Microbial diversity in the deepsea anaerobic hypersaline environments with emphasis on the role of anaerobic haloarchaea in C and S cycles

Abstract

Extremely halophilic archaea represented by classes Halobacteria, Methanonatronarchaeia and candidate division Nanohaloarchaea apparently originated from two distinct clades of methanogenic anaerobes. The members of class Halobacteria within the phylum Euryarachaeota are hypothesized to acquire by a massive lateral LTG event of ~1,000 eubacterial genes (30% of their genomes). As a consequence of this acquisition, most of the known Halobacteria species are aerobic heterotrophs inhabiting oxygenated layers of brines with very few of them possessing the ability for fermentative growth and/or anaerobic respiration. Our recent research, aimed at microbial sulfur
respiration at extreme salinity in anaerobic sediments, uncovered the existence of at least two novel functional groups of strict anaerobic sulfidogenic haloarchaea.

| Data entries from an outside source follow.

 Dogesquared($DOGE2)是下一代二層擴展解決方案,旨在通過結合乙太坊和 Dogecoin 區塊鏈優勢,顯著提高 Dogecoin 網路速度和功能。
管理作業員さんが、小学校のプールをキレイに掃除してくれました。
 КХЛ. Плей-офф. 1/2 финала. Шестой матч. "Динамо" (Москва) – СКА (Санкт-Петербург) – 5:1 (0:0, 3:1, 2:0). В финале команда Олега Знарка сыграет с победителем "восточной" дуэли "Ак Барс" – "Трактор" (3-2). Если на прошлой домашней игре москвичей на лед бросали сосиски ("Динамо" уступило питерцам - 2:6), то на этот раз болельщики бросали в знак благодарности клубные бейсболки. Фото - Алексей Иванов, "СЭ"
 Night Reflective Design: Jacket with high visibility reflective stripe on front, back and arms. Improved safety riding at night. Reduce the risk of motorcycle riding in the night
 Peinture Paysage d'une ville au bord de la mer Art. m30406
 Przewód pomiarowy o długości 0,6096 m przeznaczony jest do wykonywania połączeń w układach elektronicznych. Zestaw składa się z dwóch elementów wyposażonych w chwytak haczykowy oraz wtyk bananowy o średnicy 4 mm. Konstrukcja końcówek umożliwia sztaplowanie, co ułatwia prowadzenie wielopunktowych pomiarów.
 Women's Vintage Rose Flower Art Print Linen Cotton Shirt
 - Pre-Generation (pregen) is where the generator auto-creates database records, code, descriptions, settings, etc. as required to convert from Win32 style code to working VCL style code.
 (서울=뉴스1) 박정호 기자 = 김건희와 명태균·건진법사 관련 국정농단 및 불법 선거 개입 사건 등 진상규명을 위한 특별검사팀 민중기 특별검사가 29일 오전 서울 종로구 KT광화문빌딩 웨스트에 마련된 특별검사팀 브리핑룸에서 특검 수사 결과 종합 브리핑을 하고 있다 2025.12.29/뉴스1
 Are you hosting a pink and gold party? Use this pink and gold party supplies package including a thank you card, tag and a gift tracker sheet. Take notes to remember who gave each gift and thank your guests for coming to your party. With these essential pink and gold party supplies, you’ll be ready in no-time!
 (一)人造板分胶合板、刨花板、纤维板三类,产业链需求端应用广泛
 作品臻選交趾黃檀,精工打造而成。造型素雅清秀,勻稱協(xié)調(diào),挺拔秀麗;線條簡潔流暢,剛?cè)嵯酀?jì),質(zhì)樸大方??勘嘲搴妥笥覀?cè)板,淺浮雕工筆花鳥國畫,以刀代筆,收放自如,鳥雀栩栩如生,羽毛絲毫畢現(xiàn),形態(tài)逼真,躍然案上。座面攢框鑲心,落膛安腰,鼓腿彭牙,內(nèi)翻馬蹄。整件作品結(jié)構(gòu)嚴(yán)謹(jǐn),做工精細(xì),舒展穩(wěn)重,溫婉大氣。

One group is using acetate as the electron donor for elemental sulfur‐dependent respiration ‐ a catabolic route overlooked previously in the whole Archaeal
Kingdom. The second group uses formate and/or H2 as the electron donor and elemental sulfur, thiosulfate or DMSO as the alternative acceptors thus, representing
a first example of lithoheterotrophy in haloarchaea. The discovery of these groups of obligate anaerobic sulfur‐respiring haloarchaea, widely present in anoxic
hypersaline environments, including deep‐sea brine lakes, showed that (i) the carbon and sulfur cycles in anoxic hypersaline ecosystems should be reconsidered
and (ii) the dominant paradigm on the haloarchaeal physiology is far from completeness.